I tell him yes. Yes. A thousand times yes. I am powerless over food---that my life has become unmanageable because of it. That here, now, I was seeking professional help the only way a three hundred and twenty-seven pound man like me could. By doing this I must embrace what we’d talked about. Done, I tell him the plan I have come up with, something I believed he would endorse. To start, I would be eliminating what I cherish most: the skin. Every visible trace removed from what would become only the leanest cuts of meat. Dr. Bashir looks up at me then, his eyes following the slope of his nose. We stare at each other, one second, two, and for a moment I sense he might bolt. This changes when I tell him the reasoning behind my plan.
“First is because of the white man himself; that he is in abundance. Second brings its own logic to the table, once you really examine the options left open to someone as overweight as I. All told, I believe it shows how committed I am to this process; that I am now willing to become the very thing I eat.” His face is exactly as I hoped it would be. Not too dark, nor too light---just the perfect shade of a man realizing he’d taken on more than he could chew. As with the hunt, it is a response I have come to dream of---days of a life I am fighting to restore.

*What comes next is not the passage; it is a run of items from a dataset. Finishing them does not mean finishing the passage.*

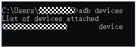 4、在cmd.exe中执行adb devices,会显示adb的版本。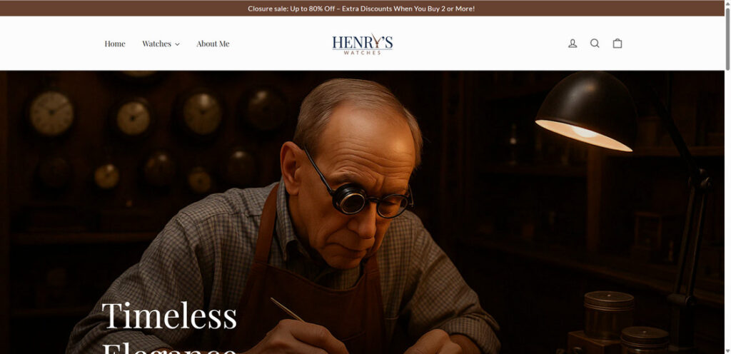 If you’ve recently come across ads on Facebook, Instagram, or TikTok claiming “Henry’s Watches is closing its doors after 33 years” and offering up to 80% off on luxury watches, you’re not alone. These aggressive “closure sale” campaigns have flooded social media feeds around the world. At first glance, the brand’s website appears legitimate, showing an elderly watchmaker named “Henry,” surrounded by antique clocks, telling a heartwarming story about craftsmanship, tradition, and passion.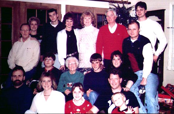 Here's is a picture of (from left to rt) me, my sister Robin who lives in Union S.C. (yes..home of Susan Smith the child killer) my grandmother, my sister Susan who lives in Birmingham Al, and my cousin Kathy. This is another of most of my family during Christmas of 1996. My grandmother is no longer with us. She left this world a few years ago to be with my grand dad in Heaven. I miss them both very very much! I love you grand mother and grand dad!!

Upset, the man shifts, left leg now over his right. Good. As today’s agenda had been twofold. Lowering my octave, I inform Dr. Bashir that I wish to speak openly to him now. What I convey is that I mean him no harm; that he is safe from me and how I live. “Besides, Indian food and I have never really agreed all that much anyway.”
It’s when his throat gives an audible click that I choose to go on.
I speak of the nutritionist he’d set me up with, remarking on how dissimilar he was from the personal trainer from a few weeks back---far more tender-looking. Getting up to leave, I reiterate that it is as he suggested: that change is a process, not an event. It’s as we make our way to the door that I reinforce what I must, adding that even though we’d already come to terms in regards to doctor/patient confidentiality he still resembled a man who may or may not love his family as much as he thought he did.
Not the most subtle of performances, no, but then again, I’m a man attempting to change.